(Beginning of Data in this exercise)

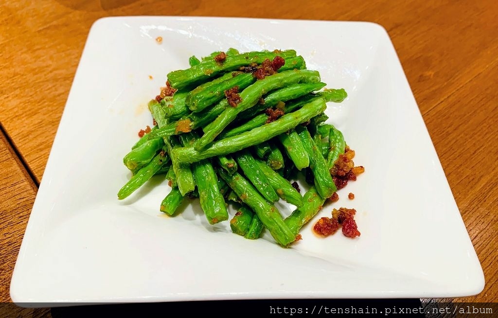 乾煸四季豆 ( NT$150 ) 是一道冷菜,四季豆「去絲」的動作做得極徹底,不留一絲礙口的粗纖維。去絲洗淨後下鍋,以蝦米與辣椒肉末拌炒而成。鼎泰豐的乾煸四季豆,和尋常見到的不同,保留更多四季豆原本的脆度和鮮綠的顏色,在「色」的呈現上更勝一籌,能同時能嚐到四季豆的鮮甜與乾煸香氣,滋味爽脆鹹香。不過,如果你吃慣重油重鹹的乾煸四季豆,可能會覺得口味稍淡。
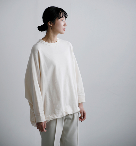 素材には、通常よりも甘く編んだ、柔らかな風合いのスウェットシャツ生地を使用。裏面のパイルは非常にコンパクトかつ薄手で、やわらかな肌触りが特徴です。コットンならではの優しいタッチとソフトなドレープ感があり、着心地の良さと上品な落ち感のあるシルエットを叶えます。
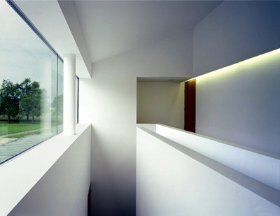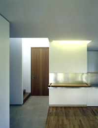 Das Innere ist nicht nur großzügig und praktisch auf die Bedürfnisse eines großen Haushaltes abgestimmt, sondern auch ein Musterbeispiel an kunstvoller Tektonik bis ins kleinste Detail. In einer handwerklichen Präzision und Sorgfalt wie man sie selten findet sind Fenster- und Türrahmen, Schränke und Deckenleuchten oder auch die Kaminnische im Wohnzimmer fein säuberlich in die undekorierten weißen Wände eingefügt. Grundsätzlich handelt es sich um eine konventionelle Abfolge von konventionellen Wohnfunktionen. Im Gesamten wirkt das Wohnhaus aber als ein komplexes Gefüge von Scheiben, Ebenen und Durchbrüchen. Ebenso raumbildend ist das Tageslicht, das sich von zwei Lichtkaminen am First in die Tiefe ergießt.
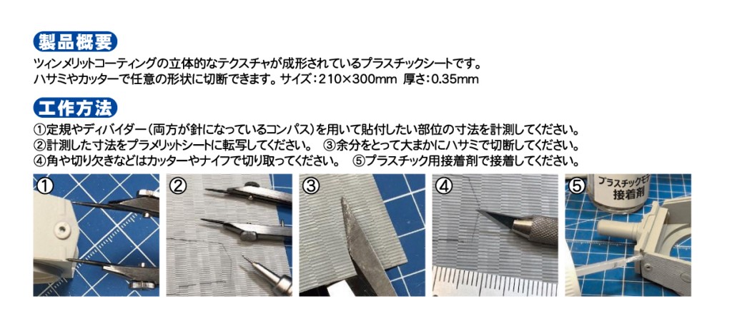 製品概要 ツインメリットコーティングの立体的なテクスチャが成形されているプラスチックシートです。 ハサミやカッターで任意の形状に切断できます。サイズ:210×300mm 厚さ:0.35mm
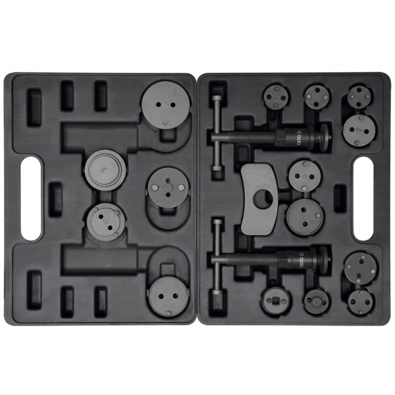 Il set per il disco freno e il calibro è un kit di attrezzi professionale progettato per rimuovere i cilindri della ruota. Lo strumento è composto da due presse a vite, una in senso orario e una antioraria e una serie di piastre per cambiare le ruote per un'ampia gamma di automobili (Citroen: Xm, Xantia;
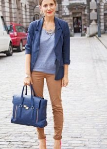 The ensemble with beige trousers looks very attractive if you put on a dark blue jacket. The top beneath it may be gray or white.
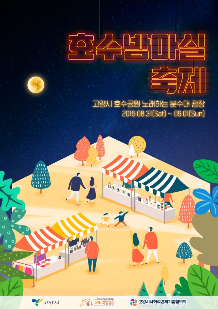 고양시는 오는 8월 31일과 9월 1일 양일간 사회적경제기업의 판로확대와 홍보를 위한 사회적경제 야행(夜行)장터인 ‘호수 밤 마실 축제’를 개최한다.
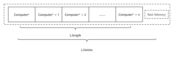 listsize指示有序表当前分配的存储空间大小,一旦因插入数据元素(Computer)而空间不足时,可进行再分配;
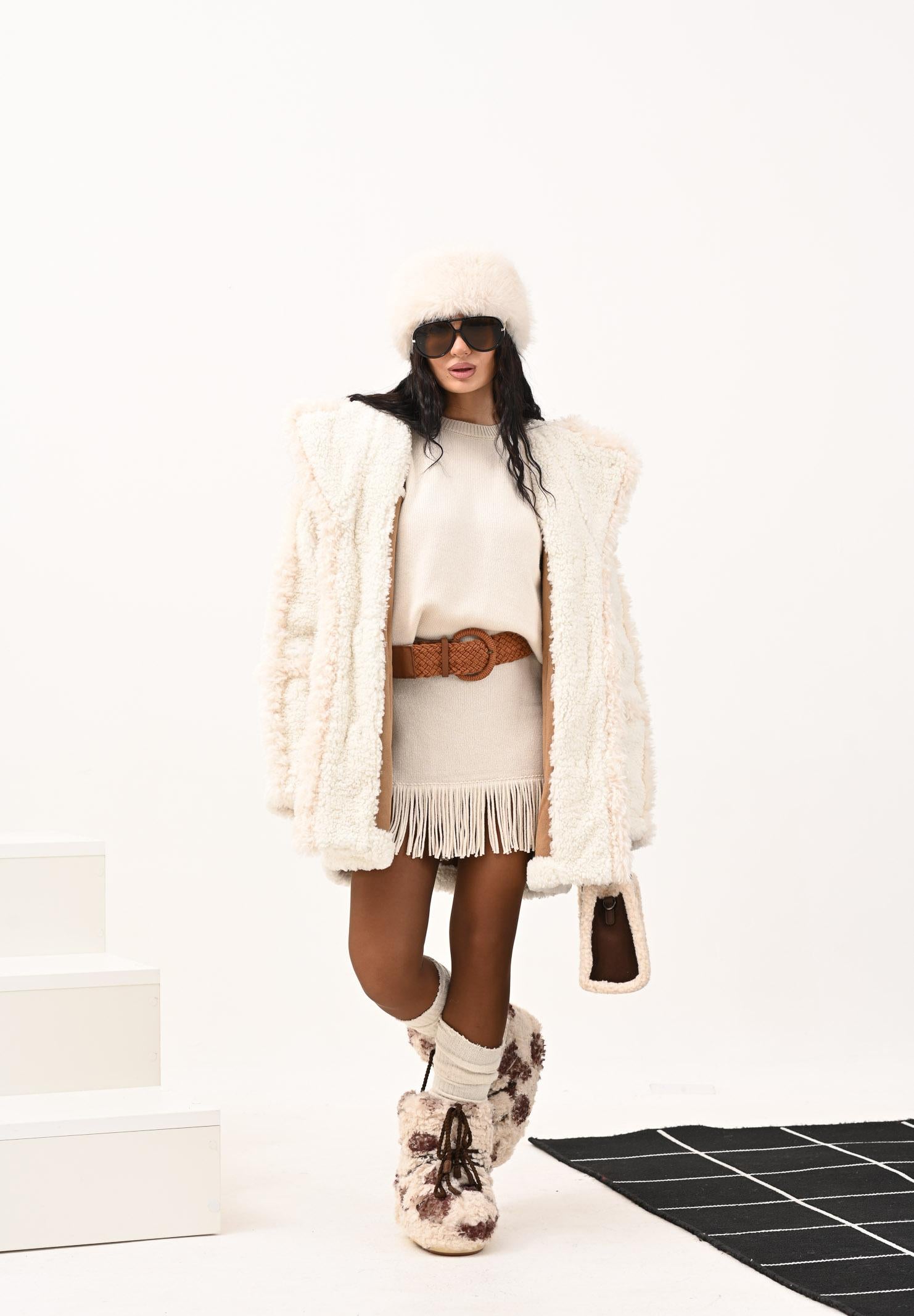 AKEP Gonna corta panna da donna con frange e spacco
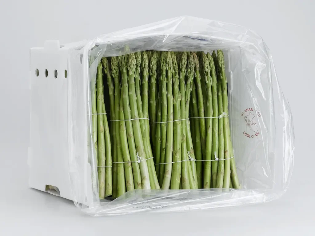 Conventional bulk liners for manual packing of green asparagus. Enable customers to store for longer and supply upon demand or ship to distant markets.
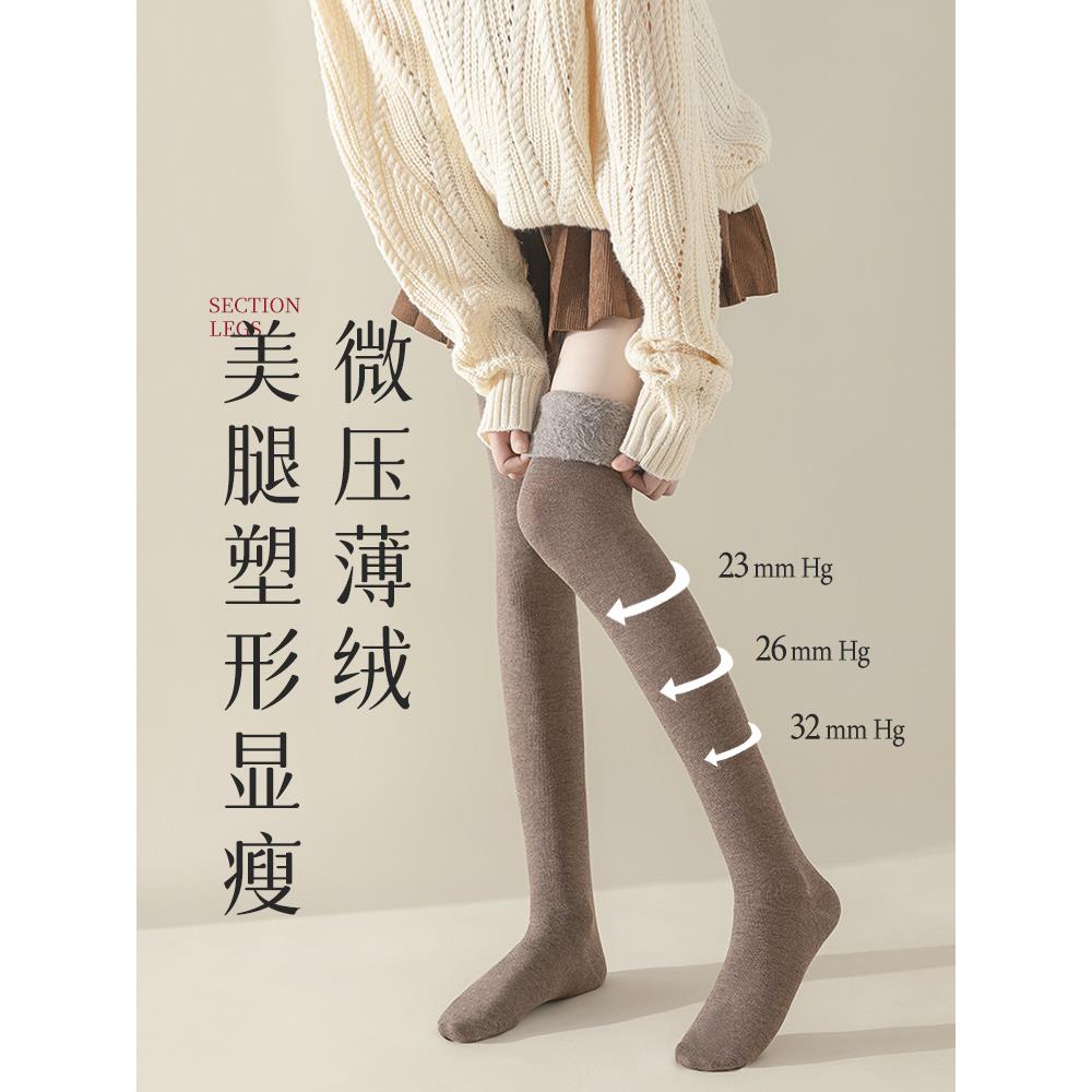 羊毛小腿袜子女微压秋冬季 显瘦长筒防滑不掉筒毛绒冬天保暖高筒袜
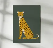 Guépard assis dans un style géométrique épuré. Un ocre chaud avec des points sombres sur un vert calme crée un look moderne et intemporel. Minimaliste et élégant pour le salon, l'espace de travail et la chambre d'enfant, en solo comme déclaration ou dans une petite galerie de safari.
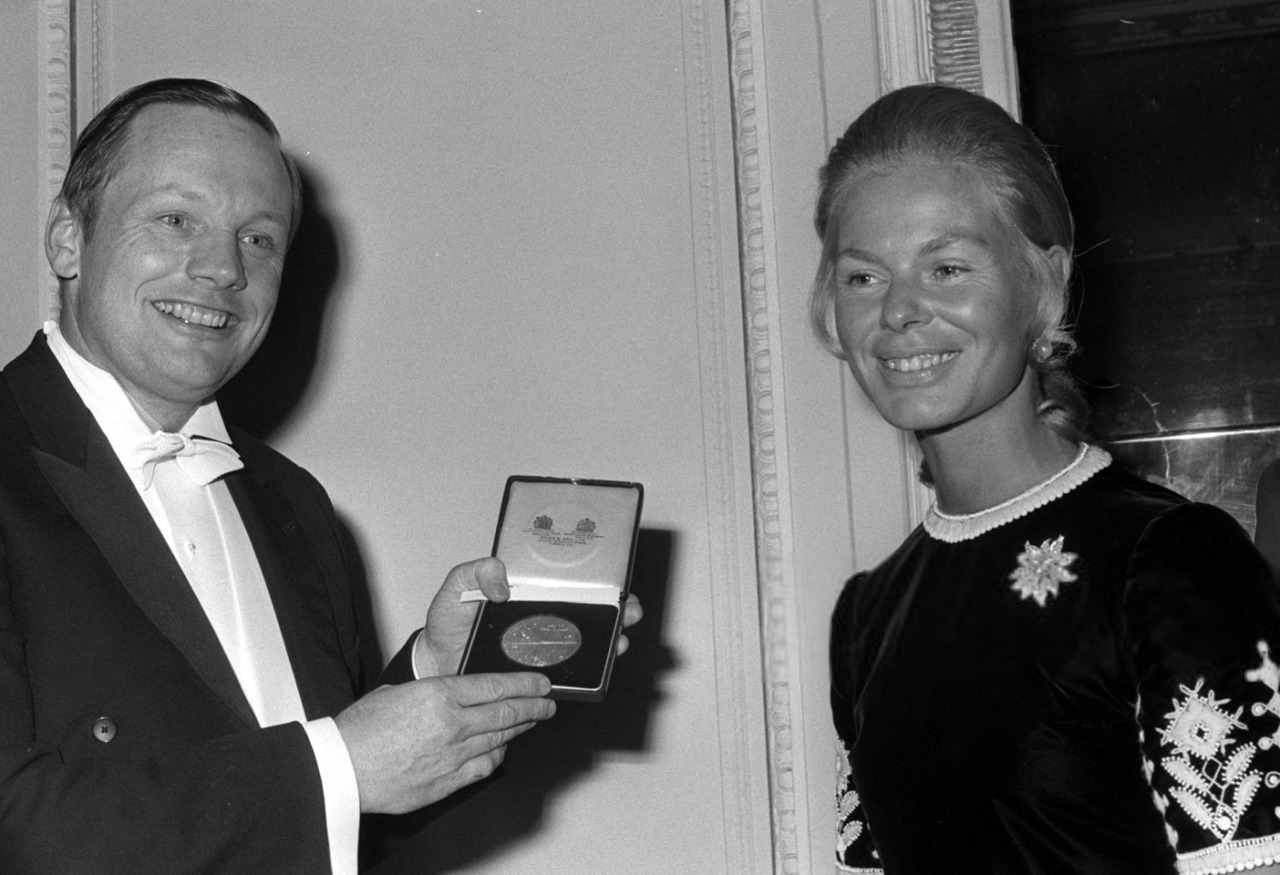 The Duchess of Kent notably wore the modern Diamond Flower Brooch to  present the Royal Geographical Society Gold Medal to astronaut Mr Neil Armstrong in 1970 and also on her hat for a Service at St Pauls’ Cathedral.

(End of Data in this exercise)

Exercise details: Give the records back exactly. Leave the pictures out.

Completed exercise:
 乾煸四季豆 ( NT$150 ) 是一道冷菜,四季豆「去絲」的動作做得極徹底,不留一絲礙口的粗纖維。去絲洗淨後下鍋,以蝦米與辣椒肉末拌炒而成。鼎泰豐的乾煸四季豆,和尋常見到的不同,保留更多四季豆原本的脆度和鮮綠的顏色,在「色」的呈現上更勝一籌,能同時能嚐到四季豆的鮮甜與乾煸香氣,滋味爽脆鹹香。不過,如果你吃慣重油重鹹的乾煸四季豆,可能會覺得口味稍淡。
 素材には、通常よりも甘く編んだ、柔らかな風合いのスウェットシャツ生地を使用。裏面のパイルは非常にコンパクトかつ薄手で、やわらかな肌触りが特徴です。コットンならではの優しいタッチとソフトなドレープ感があり、着心地の良さと上品な落ち感のあるシルエットを叶えます。
 Das Innere ist nicht nur großzügig und praktisch auf die Bedürfnisse eines großen Haushaltes abgestimmt, sondern auch ein Musterbeispiel an kunstvoller Tektonik bis ins kleinste Detail. In einer handwerklichen Präzision und Sorgfalt wie man sie selten findet sind Fenster- und Türrahmen, Schränke und Deckenleuchten oder auch die Kaminnische im Wohnzimmer fein säuberlich in die undekorierten weißen Wände eingefügt. Grundsätzlich handelt es sich um eine konventionelle Abfolge von konventionellen Wohnfunktionen. Im Gesamten wirkt das Wohnhaus aber als ein komplexes Gefüge von Scheiben, Ebenen und Durchbrüchen. Ebenso raumbildend ist das Tageslicht, das sich von zwei Lichtkaminen am First in die Tiefe ergießt.
 製品概要 ツインメリットコーティングの立体的なテクスチャが成形されているプラスチックシートです。 ハサミやカッターで任意の形状に切断できます。サイズ:210×300mm 厚さ:0.35mm
 Il set per il disco freno e il calibro è un kit di attrezzi professionale progettato per rimuovere i cilindri della ruota. Lo strumento è composto da due presse a vite, una in senso orario e una antioraria e una serie di piastre per cambiare le ruote per un'ampia gamma di automobili (Citroen: Xm, Xantia;
 The ensemble with beige trousers looks very attractive if you put on a dark blue jacket. The top beneath it may be gray or white.
 고양시는 오는 8월 31일과 9월 1일 양일간 사회적경제기업의 판로확대와 홍보를 위한 사회적경제 야행(夜行)장터인 ‘호수 밤 마실 축제’를 개최한다.
 listsize指示有序表当前分配的存储空间大小,一旦因插入数据元素(Computer)而空间不足时,可进行再分配;
 AKEP Gonna corta panna da donna con frange e spacco
 Conventional bulk liners for manual packing of green asparagus. Enable customers to store for longer and supply upon demand or ship to distant markets.
 羊毛小腿袜子女微压秋冬季 显瘦长筒防滑不掉筒毛绒冬天保暖高筒袜
 Guépard assis dans un style géométrique épuré. Un ocre chaud avec des points sombres sur un vert calme crée un look moderne et intemporel. Minimaliste et élégant pour le salon, l'espace de travail et la chambre d'enfant, en solo comme déclaration ou dans une petite galerie de safari.
 The Duchess of Kent notably wore the modern Diamond Flower Brooch to  present the Royal Geographical Society Gold Medal to astronaut Mr Neil Armstrong in 1970 and also on her hat for a Service at St Pauls’ Cathedral.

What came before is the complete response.